EDIT: There's also this fun Copilot use I stumbled across, which I dare you to find in the training data:

    /**
    Given this text:
 
    Call me Ishmael. Some years ago - never mind how long precisely - having little or no money in my purse, and nothing particular to interest me on shore, I thought I would sail about a little and see the watery part of the world.

    Fill in a JSON structure with my name, how much money I had, and where I'm going:
    */

    {
        "name": "Ishmael",
        "money": 0,
        "destination": "the watery part of the world"
    }

[visarga]

It can even read an invoice, you can ask it "what is the due date?" It's a system that solves due date and Ishmael questions out of the box. And everything in-between.

[thesuperbigfrog]

>> It can even read an invoice, you can ask it "what is the due date?" It's a system that solves due date and Ishmael questions out of the box.
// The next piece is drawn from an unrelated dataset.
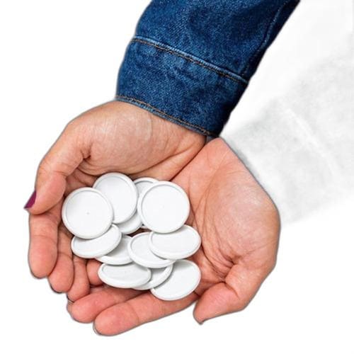- Quantidade: 12 unidades de Discos Grande e 01 elástico - Tamanho dos discos: 31mm - Capacidade dos discos: até 150 folhas de 90g ou 120 folhas de 120g - Cor: Branco - Material: ABS, pet, celulose e latex - Produto atóxico

And everything in-between.

That's cool.

But emitting copyrighted code without attribution and in violation of the code's license is still copyright infringement.

If I created a robot assistant that cleans your house, does the shopping, and occasionally stole things from the store, it would still be breaking the law.

[visarga]

> occasionally stole things from the store

It's fascinating to see how stretchy the word "steals" is nowadays. You can make anything be theft - copying open online content and sharing? theft, learning from data and generating - also theft. Stealing from a physical store - you guessed it.

[throwaway675309]

While I do enjoy everybody acting as armchair lawyers.... until we get an actual legal ruling, the general consensus seems to be that it is sufficiently transformative as to be considered fair use.

[thesuperbigfrog]

>> If you had said it can copy/paste its training data I wouldn't have argued, but "it just copy/pastes the code it was trained on" is demonstrably false, and anyone who's really tried it will tell you the same thing.

So if "it could commit copyright infringement, but does not always do so" is good enough for your company's legal review team, then go for it.

[visarga]

Has anyone tried to see how similar is their manually written code to other codes out there? I bet small snippets 1-2 lines long are easy to find. It would be funny to realise that we're more "regurgitative" than Copilot by mere happenstance.

[thesuperbigfrog]

Will the court believe that Copilot created an exact copy of Tim Davis's code "by mere happenstance"?

https://twitter.com/DocSparse/status/1581461734665367554

[visarga]

> I posit it becomes increasingly likely over large periods of time over many engineers that severe bug or security issue will be introduced via an AI provided suggestion.

AI can also do code review and documentation helping us reduce the number of bugs. Overall it might actually help.

[tevon]

This is a very solid argument. How do we fix that?

THIS is the article I want to read!

[redleggedfrog]

"I posit it becomes increasingly likely over large periods of time over many engineers that severe bug or security issue will be introduced via an AI provided suggestion."

I'll go one further with the "Co-pilot is stupid."

It's supposed to be artificial intelligence. Why in the eff is it suggesting code with a bug or security issue? Isn't the whole point that it can use that fancy AI to analyze the code and check for those kind of things on top of suggesting code?

Half-baked.

[visarga]

Ah yes, humans are perfect, never make any mistakes. That's why only AI write bugs.